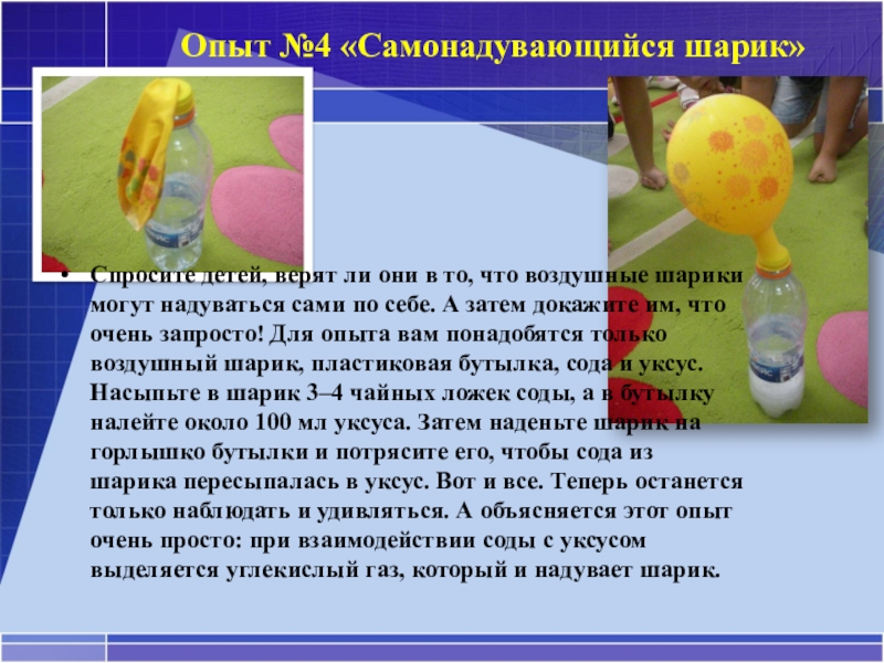Слайд 9Опыт №4 «Самонадувающийся шарик»
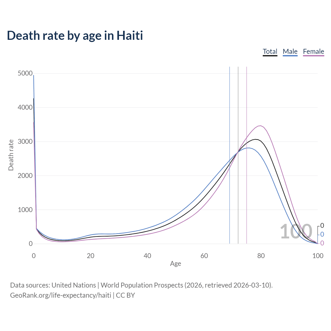 In Haiti, the most probable age of death — the age at which the highest number of deaths occur — is 0 for both sexes combined, 0 for males, and 0 for females. Vertical lines mark the median age of death: 69 for men, 74.8 for women, and 72 combined, meaning only half of each cohort is expected to live past that age.
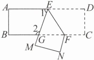 例2 如图,把一张长方形纸片ABCD沿EF折叠后,点D,C分别落在M,N的位置上,EM与BC交于点G。若∠EFG = 55°,求∠1和∠2的度数。
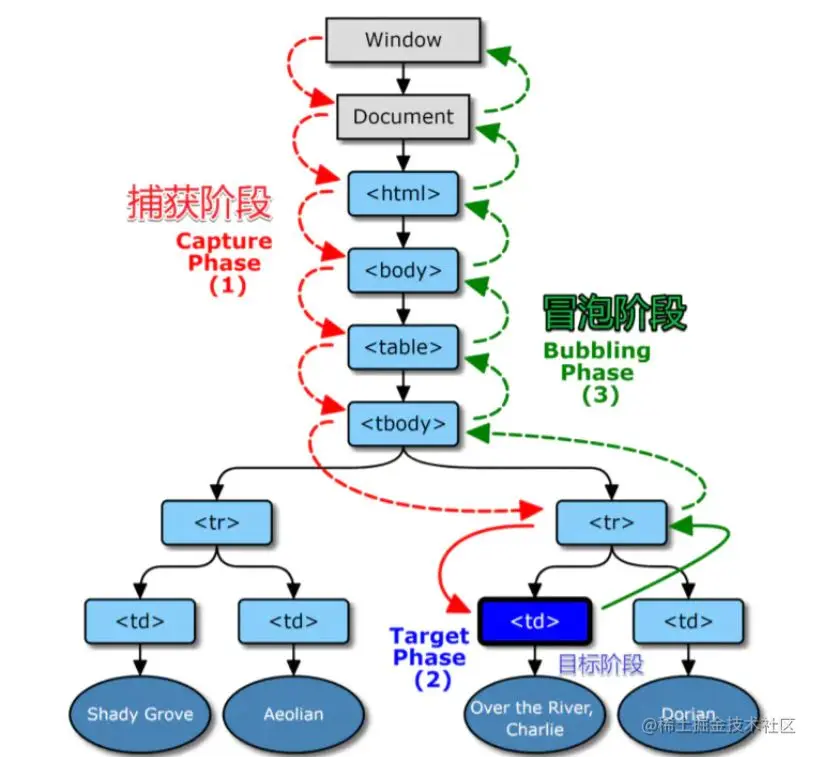 事件捕获(Capture Phase):浏览器从根节点开始由外到内到达目标节点顺序调用监听函数。
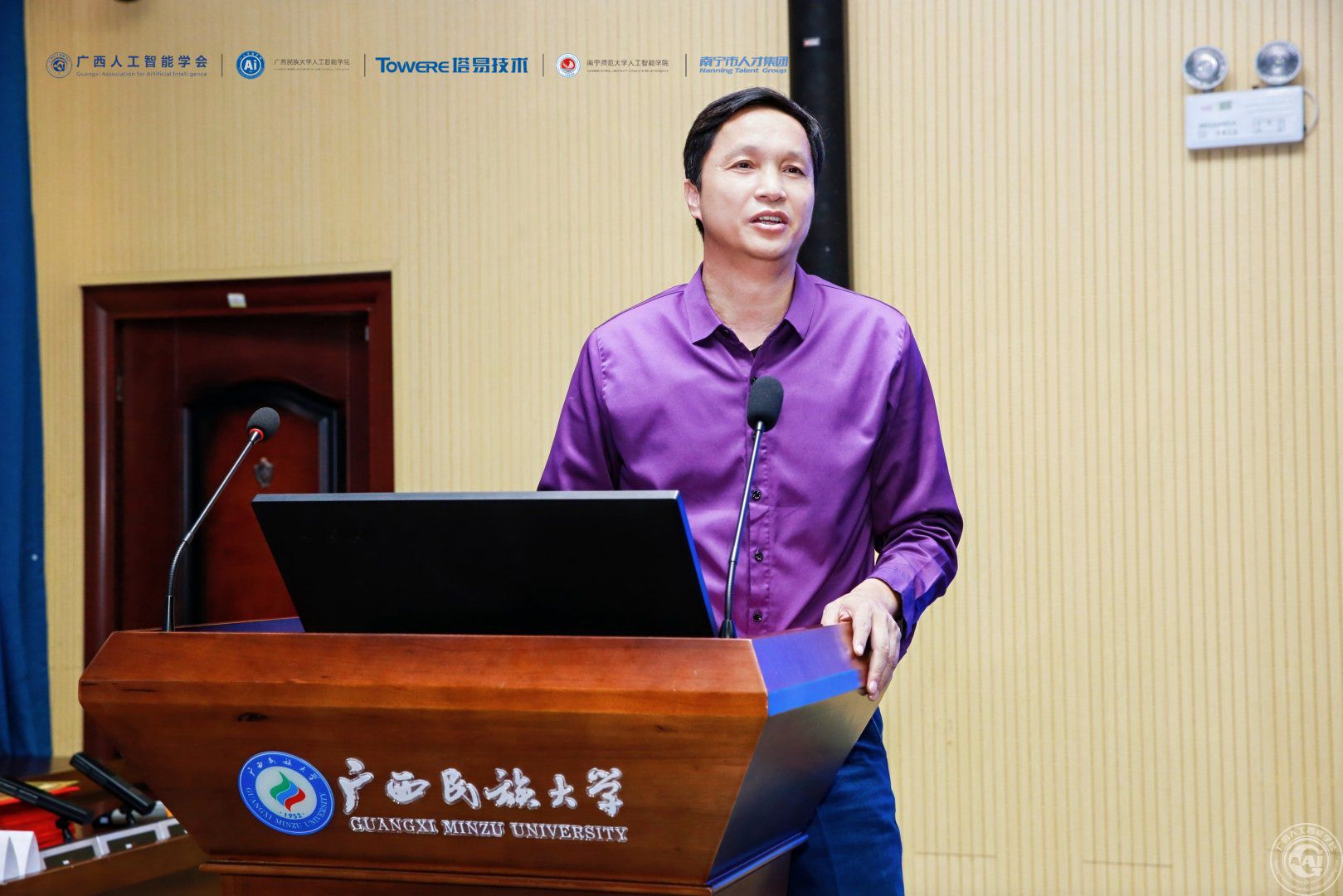 广西民族大学人工智能学院副院长文春明代表承办高校致欢迎辞。他表示,高校作为人才培养和科技创新的重要基地,将持续深化产教融合与校企合作,积极搭建高水平实践平台,助力学子将学术成果落地,成长为AI领域人才。

- _Prompt_: Your answer must be the entries repeated exactly, with no pictures.

- _Answer space_:
Слайд 9Опыт №4 «Самонадувающийся шарик»
 In Haiti, the most probable age of death — the age at which the highest number of deaths occur — is 0 for both sexes combined, 0 for males, and 0 for females. Vertical lines mark the median age of death: 69 for men, 74.8 for women, and 72 combined, meaning only half of each cohort is expected to live past that age.
 例2 如图,把一张长方形纸片ABCD沿EF折叠后,点D,C分别落在M,N的位置上,EM与BC交于点G。若∠EFG = 55°,求∠1和∠2的度数。
 事件捕获(Capture Phase):浏览器从根节点开始由外到内到达目标节点顺序调用监听函数。
 广西民族大学人工智能学院副院长文春明代表承办高校致欢迎辞。他表示,高校作为人才培养和科技创新的重要基地,将持续深化产教融合与校企合作,积极搭建高水平实践平台,助力学子将学术成果落地,成长为AI领域人才。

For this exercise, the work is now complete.